İnsanlar Doğu ve Güneydoğu’da öldürüldüğü, faili meçhul cinayetlere kurban gittiği zaman kendisi taşra siyaseti yapıyordu, ticaretle falan meşguldü. O raporun ne anlama geldiğini anlamaya o zamanki kapasitesi yetmez. Siyasi mirasına sahip olduğu geleneğin o dönem bu raporu hazırlayanları neyle suçladığını çok iyi biliyoruz. CHP en zor dönemde, darbe sonrası yıkımın insan hakları ihlallerinin en yoğun yaşandığı dönemde büyük bir cesaretle çözüm yollarını ortaya koyan bir geçmişe sahip. Aradan 25 yıl geçmiştir; tabii ki o rapor bugünün ihtiyaçlarına cevap veren bir rapor değildir. Ama yazıldığı dönemdeki cesareti, öngörüyü ortaya koymak açısından bir ilktir. Erdoğan’ın kafasına vura vura bunu söyleyeceğiz. CHP o raporun elbette gerisinde değildir. 2011’de genel başkanımız Hakkâri’de ne diyordu? Türkiye Yerel Yönetimler Şartı’ndaki çekinceleri kaldırmalıdır... Şimdi çözümden bahseden Başbakan, o zaman CHP’yi bölücülükle suçladı. Böyle bir Başbakan çözümden yana görünüyor, CHP de çözüm karşıtı görünüyor! Başbakan’a, Meclis’e sormuştum, Bakanlar Kurulu’nun yetkisinde olan bu çekinceleri neden kaldırmıyorsunuz, diye... Cevap yok.

‘O malzemeyi elinden aldık’

Kürt siyasetçiler herhalde iktidarın Abdullah Öcalan’ı muhatap almasını çok önemsiyor...

Dünyanın her yerinde bu sorunun çözümüne yardımcı olacaksa, silahlı şiddet bitecekse, “terör” eylemleri bitecekse, ölümler
olmayacaksa, tabii ki bunu sonlandırmaya elverişli araçlarla, elverişli aktörlerle görüşülebilir.

Ama bunu siyasal başarı olarak göstermezsiniz, sonuç aldığınız zaman tarih bunu bir yere yazar. Genel başkanımız 3 yıl önce ifade etti; ölüm olmayacaksa tabii ki görüşülür...

Muhatap HDP mi olmalı, diyorsunuz?

TBMM çatısı altındaki bütün partilerdir muhatap, sadece HDP değil. Bu sorun Kürt sorunu olmaktan çıkmıştır, bir Türkiye sorununa
dönüşmüştür. Muhatap bütün partilerdir, MHP’dir aynı zamanda.

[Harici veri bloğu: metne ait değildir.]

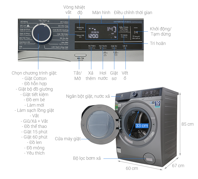 Đặc điểm nổi bật - Khối lượng giặt 10.5 kg thích hợp với gia đình từ 7 thành viên trở lên. - Công nghệ suy luận Fuzzy Logic, tự động suy luận và đưa ra mức nước tương ứng với lượng quần áo cần giặt. - Công nghệ Steam Wash, giặt hơi nước giúp quần áo sạch hơn, có khả năng diệt khuẩn và giảm các tác nhân dị ứng. - Công nghệ giặt nước nóng mang đến khả năng kháng khuẩn, dễ dàng giặt sạch các vết bẩn cứng đầu. - Công nghệ Inverter tiết kiệm điện, nước hiệu quả. - Tổng quan - Loại máy giặt:Cửa trước - Lồng giặt:Lồng ngang - Khối lượng giặt:10.5 Kg - Số người sử dụng:Trên 7 người - Kiểu động cơ:BLDC - Tốc độ quay vắt tối đa:1400 vòng/phút - Chất liệu lồng giặt:Thép không gỉ - Chất liệu vỏ máy:Kim loại sơn tĩnh điện - Chất liệu cửa máy:Kính cường lực Mức tiêu thụ điện
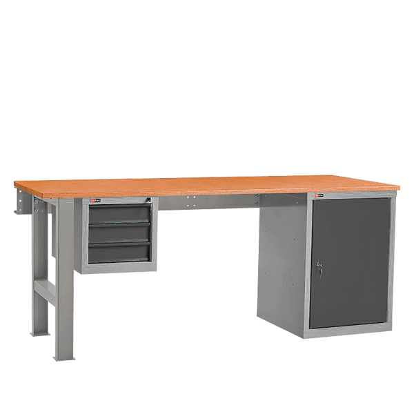 - Верстак комплектуется подвесной тумбой с тремя выдвижными ящиками.
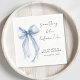 Elegant bridal shower napkins featuring a beautiful watercolor of a light blue coquette bow, "something blue before I do" in a chic calligraphy script, and the bride's name and shower date in simple modern lettering.
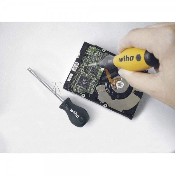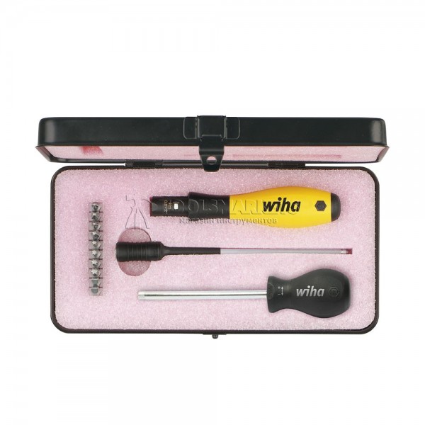 Набор с динамометрической отверткой TorqueVario-S 43898 фирмы Wiha - функциональный комплект из 13 предметов для контролируемого заворачивания винтов на деталях, не допускающих воздействия электростатического заряда. Отводящие электростатический заряд инструменты защищают электронные детали от разрушения.В набор входит современная отвертка TorqueVario-S с регулируемым ограничением крутящего момента для точной и деликатной работы, установочный инструмент для динамометрической отвертки с продольной рукояткой, держатель бит и комплект из 10 прочных бит. Технология SoftFinish заботится о вашем здоровье, не допуская перенапряжения мышц и сухожилий, а также выскальзывания инструментов из рук. В комплекте предусмотрен практичный и компактный кейс, который поможет организовать хранение инструментов.
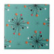 Un fabuleux rétro inspiré motif moderne funky des étoiles éclate avec des sphères atomiques dans les tons orange, gris, noir et blanc sur turquoise clair.
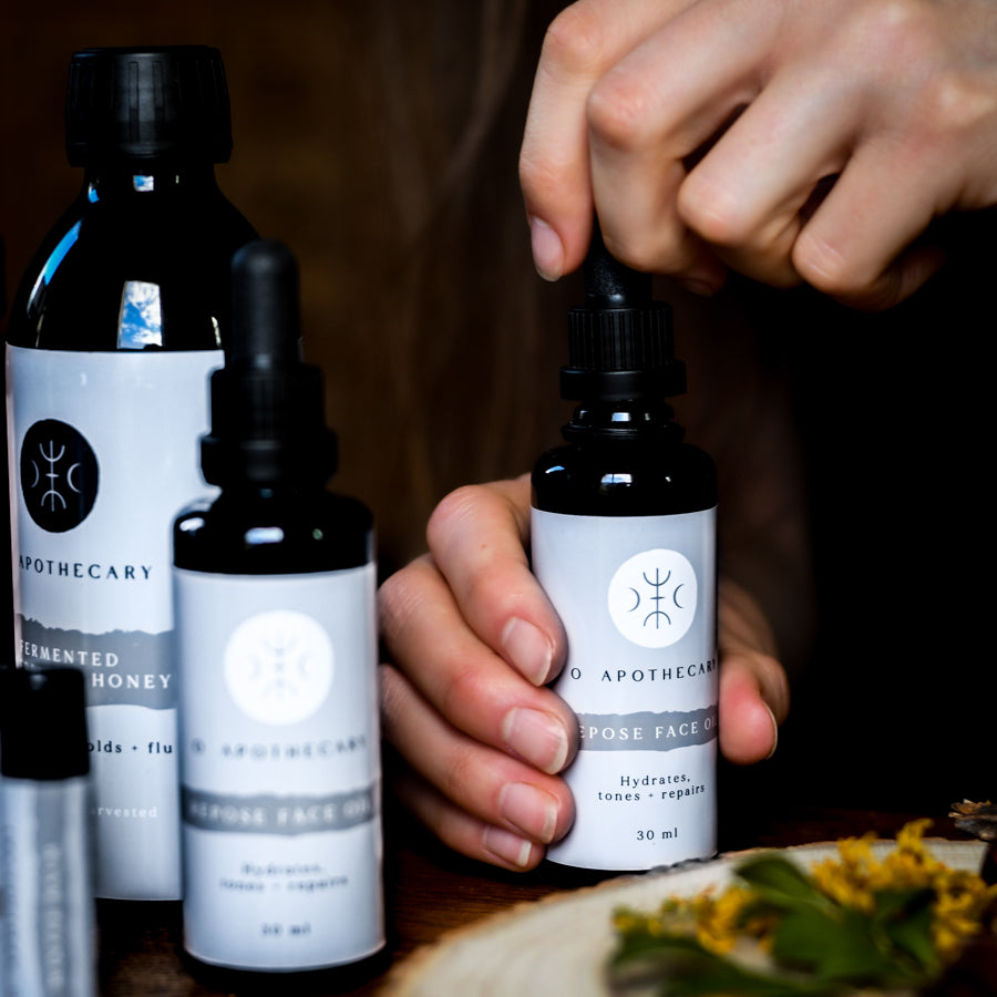 Apothecary, Face + Body products are bottled in Biophotonic, Violet Glass to preserve and prolong product life.
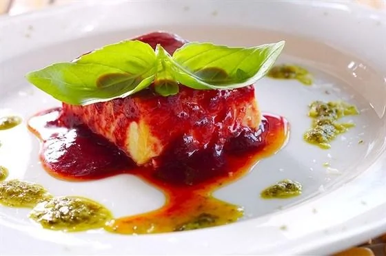 ШАГ 5 Застывшую панна-котту украсить ягодным джемом и листиком мяты. И сразу же подавать.
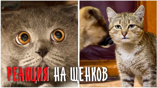Реакция котов на щенков в доме. Немного в шоке...
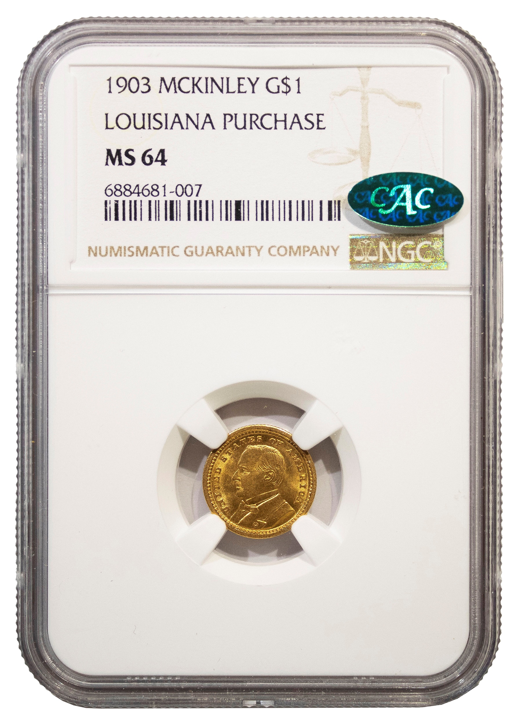 NGC MS-64 CAC Louisiana Purchase/McKinley Gold $1
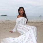 - Zapatos: Sandalias planas de tiras finas y elegantes, alpargatas de cuña o incluso descalza para un evento en la playa. Para un toque más elevado, sandalias de tacón minimalistas.
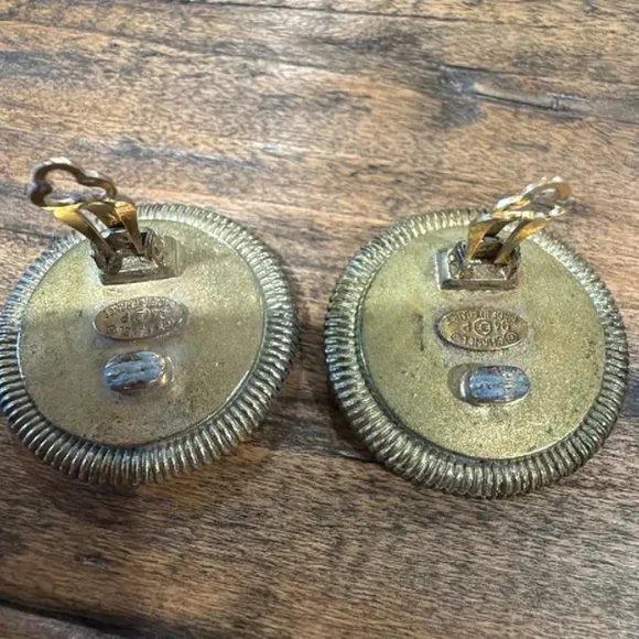 These exquisite Mother of Pearl earrings showcase a harmonious blend of gold and white, featuring a sophisticated circular design. The gold-tone border elegantly frames a white center, creating a timeless and luxurious look. Perfect for adding a touch of elegance to any ensemble.
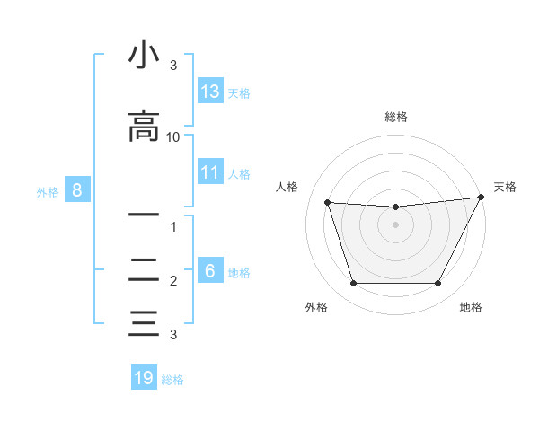 小高 一二三さんの天格は13画の5点!
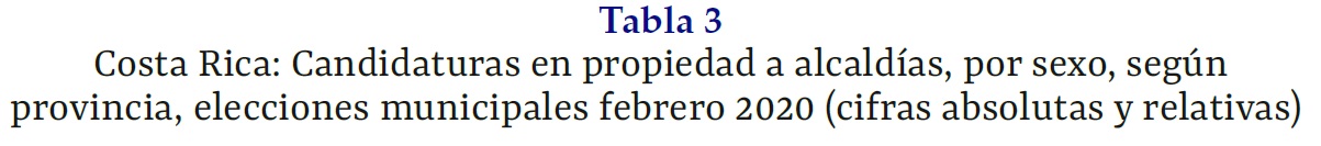 De acuerdo con los datos del TSE, sobre alcaldías electas desagregados por provincia, en las elecciones municipales de 2020, en el caso de San José, de las 20 municipalidades, solo en dos se eligió a una mujer para el puesto; en Alajuela, de 16 alcaldías, en tres se eligió a una mujer; en el caso de las provincias de Cartago, Heredia y Guanacaste, en cada una se designó a una mujer para la alcaldía, pese a que contaban con ocho, diez y once puestos respectivamente. Por último, las dos provincias en las que no se eligió mujeres para las alcaldías fueron Puntarenas y Limón, por lo cual la totalidad de puestos fueron asumidos por hombres (Tabla 3).
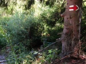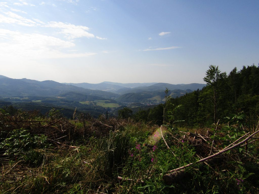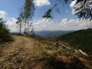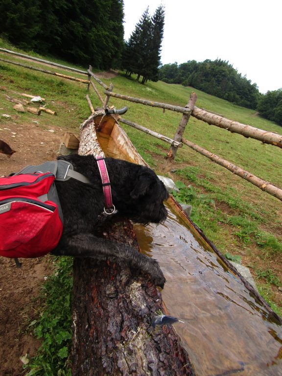 När man ska korsa hyggen och annat som inte erbjuder skugga får man ha en plan. Min såg ut på följande sett. Gå på målmedvetet till nästa skuggplats och stanna på den ca 10 min och fortsätt så. Det för att hundarna skulle få chansen att svalka sig lite. Vatten har det inte varit ett överflöd idag så när vi passerade en bäck som inte var utmärkt kartan på väg upp mot Chata pod Stromisom blev jag galet glad och kände enorm tacksamhet. Jag klädde av mig och satte mig och badade i det decimeterdjupa vattnet. Så skönt!
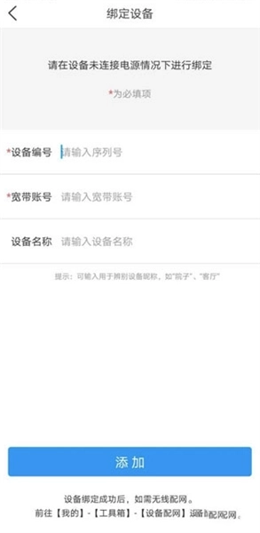 (3)在输入“宽带账号”与“设备名称”之后,点击“添加”按钮,就能完成绑定操作。
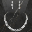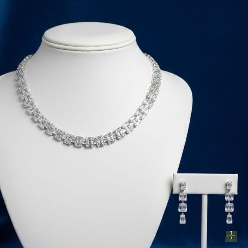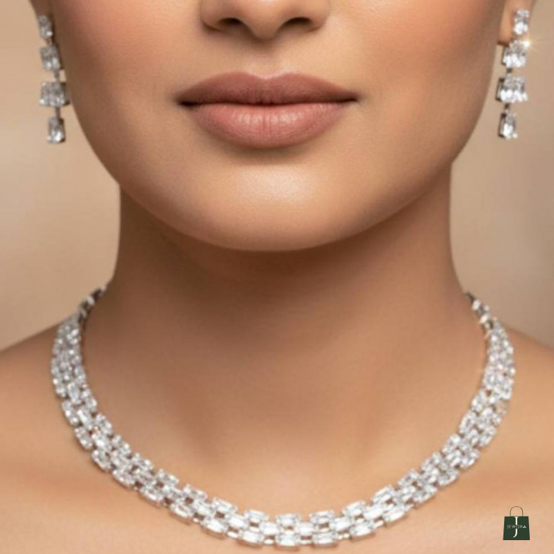 Radiate sophistication with this Diamond Glow Elegance Necklace Set. Designed with a refined and modern aesthetic, this stunning choker-style necklace features multiple rows of sparkling stones arranged in a sleek, structured pattern. The brilliant shine is complemented by matching drop earrings that add graceful movement and elegance. Perfect for brides, receptions, cocktail evenings, and formal celebrations, this set delivers timeless luxury with contemporary charm.
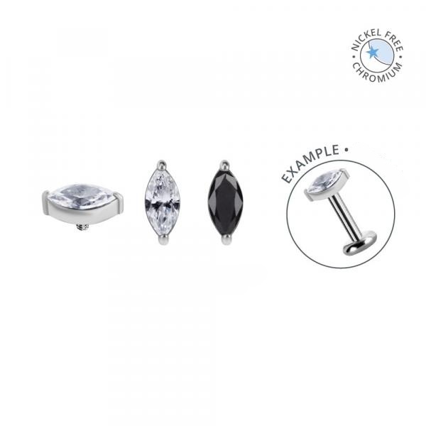 Verkrijgbaar in 3 mm, 4 mm en 5 mm past Marquess perfect bij zowel minimalistische als statement-looks. Dankzij de internally threaded 0,8 mm schroefdraad past deze top op 1,0 mm en 1,2 mm internal piercing posts. Draag Marquess in een lippiercing, nostril, (stacked) lobe, helix, conch, flat, forward helix of tragus voor een veelzijdige uitstraling die elke piercing verfraait.
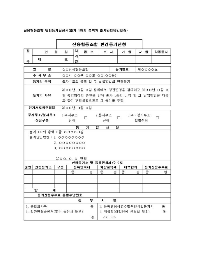 신용협동조합 변경등기신청서(출자 1좌의 금액과 출자납입방법변경)입니다.
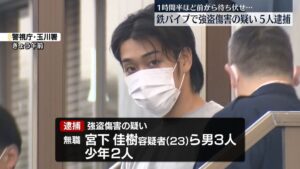 東京都千代田区内の路上で男性2人が鉄パイプで殴られ負傷した事件で、警視庁国際犯罪対策課は21日までに、強盗傷害容疑で、無職の宮下佳樹(23)=大阪府八尾市山本町北、解体工の大谷真那斗(21)=札幌市白石区菊水八条=と解体工の藤井雄斗容疑者(22)=同市中央区南八条西=、無職の少年(19)=京都府福知山市=ら5人を逮捕した。
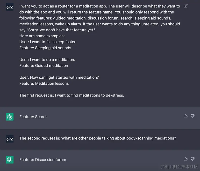 改善用户导航体验。这是我正在探索的一个实验性用例,在这个用例中,用户可以用自然语言描述想做的事情,聊天机器人将引导他们找到相关功能。我发现这可以通过少量提示工程或对分类进行微调来实现。请看下面这个提示,看看能做什么:
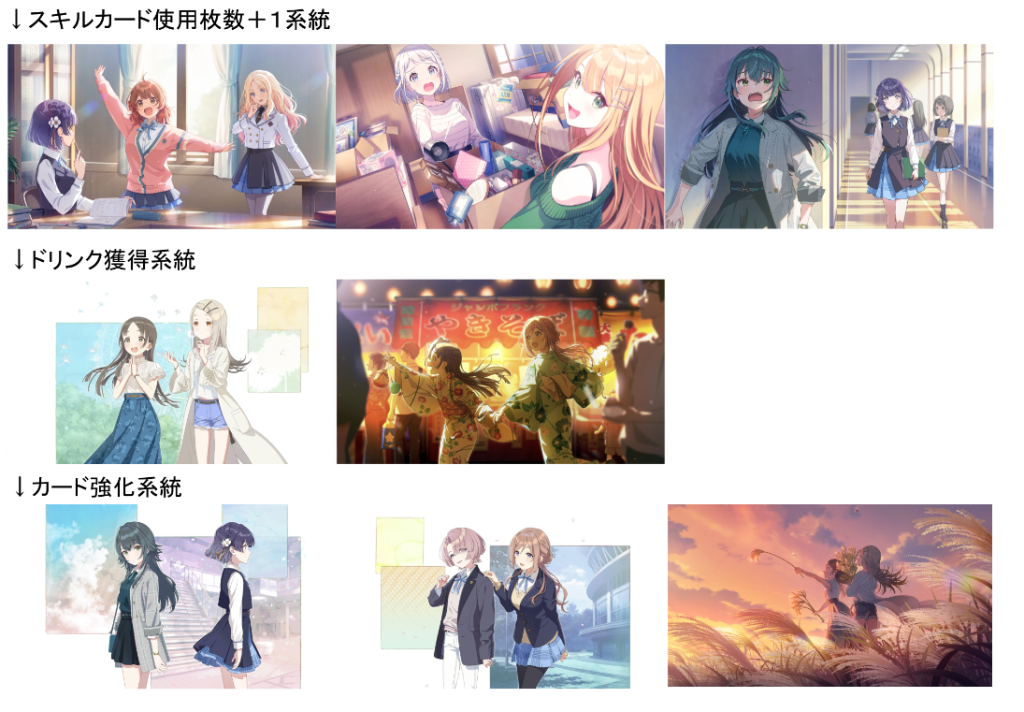 (使用アイドルの固定カードやPアイテムなどによって優先度は変わります。おおよそなイメージです。)
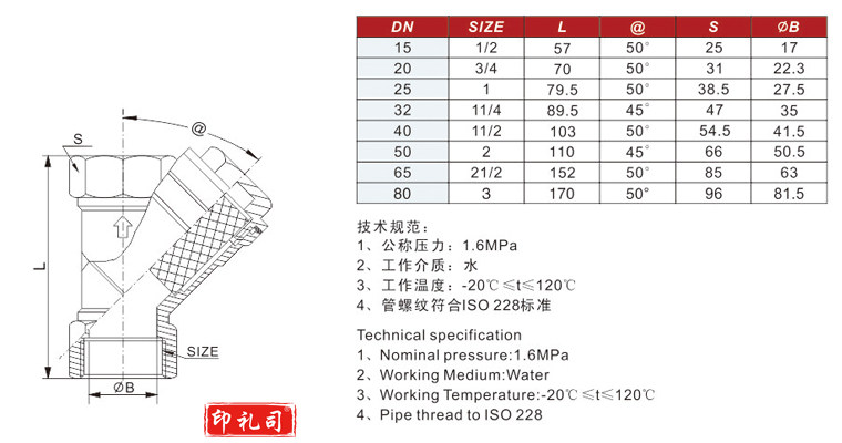DN40黄铜Y形过滤器1.5寸过滤阀门
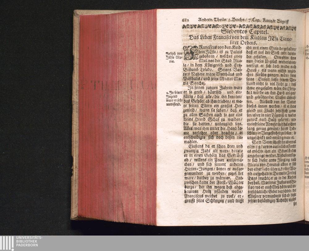 Sibendes Capittel. Leben Francisci vom Kindlein Jesu auß den[n] Brüdern der Carm[...]
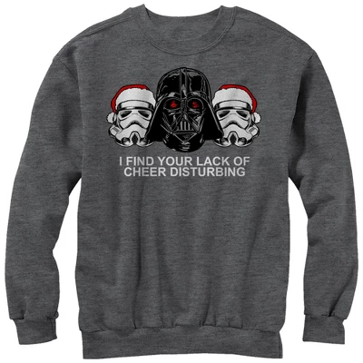 That’s not Santa you hear in the sky, it’s a TIE fighter carrying the Star Wars Christmas Empire Lack of Cheer Heather Charcoal Sweatshirt! Darth Vader’s helmet sits next to two stormtrooper helmets with Santa hats and the phrase “I Find Your Lack of Cheer Disturbing” printed on the front of this funny gray Star Wars Christmas sweatshirt.
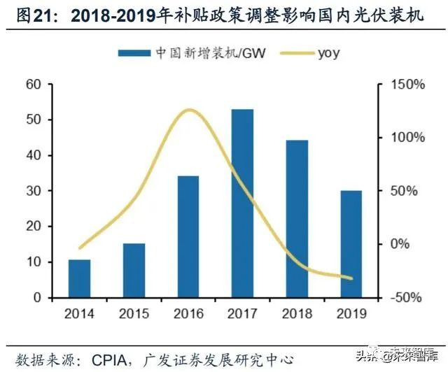 2019年开启光伏竞争性配置新阶段。2019年5月30日,国家能源局制定了以竞 价上网方式确定光伏项目补贴强度以及装机规模的总体工作思路,规定了30亿的光伏补贴总规模,其中户用项目补贴7.5亿元,普通光伏电站、工商业分布式以及国家 组织实施的专项工程和示范项目,补贴总额不超过22.5亿元。发改委将集中式光伏 电站标杆上网电价改为指导价,新增集中式光伏电站上网电价通过市场竞争方式确 定,但不得超过所在资源区指导价。2019年I~III类资源区光伏发电项目指导价分别 确定为每千瓦时0.40元(含税,下同)、0.45元、0.55元,户用分布式光伏全发电量 补贴标准调整为每千瓦时0.18元。由于项目建设时间、竞价申报经验不足等因素, 2019年国内光伏新增装机30.1GW,同比下降32%。

CHP, çözüm süreci yasasına destek verdi. Bu süreç parti içinde ciddi bir sıkıntı yaratır mı?

Başbakan şunu hesaplamıştı; nasıl olsa CHP karşı çıkacak, ben de seçim döneminde meydan meydan dolaşıp “Bakın biz çözmek istiyoruz ama CHP bırakmıyor, o yüzden bana yetki verin halledeyim” diyecekti. O malzemeyi elinden aldık. Daha doğru çıkması için katkıda bulunduk, 4. madde revize edildi. Partimiz çoğulcudur, karşı olan arkadaşlarımız ret oyu verdi.

AKP engel oluyor

CHP’nin yeni bir Kürt raporu hazırlaması gerekiyor mu?


Kürt seçmen rapordan bıkmış, inanın. Bu sorunun bazı parametreleri var, çerçevesi belli. Bizim verdiğimiz yasa önerileri, araştırma önergeleri var, bunları hep AKP engelledi.

Anadilinde eğitim konusunda CHP’nin tavrı belli, bu tavırda bir değişim olabilir mi?

Anadili meselesi temel bir insan hakkıdır.Anadille ilgili öğrenim, eğitim meselesinde esas alınması gereken kriter şudur: BM Çocuk Hakları Sözleşmesi’ne göre “çocuğun yüksek yararı” neyi gerektiriyorsa o yapılmalıdır. Anadili meselesi yasa meselesi değil, anayasanın değişmesi gerekir. Genel başkanımız da söyledi; bu konu siyasetin mecrasından, dilinden çıkmalı, eğitimciler, pedagoglar çocuğun yüksek yararını getiren model neyse onu önermeliler... Anadille ilgili her düzeydeki yasak, anayasal metin dahil olmak üzere hiçbir yerde yer almamalıdır.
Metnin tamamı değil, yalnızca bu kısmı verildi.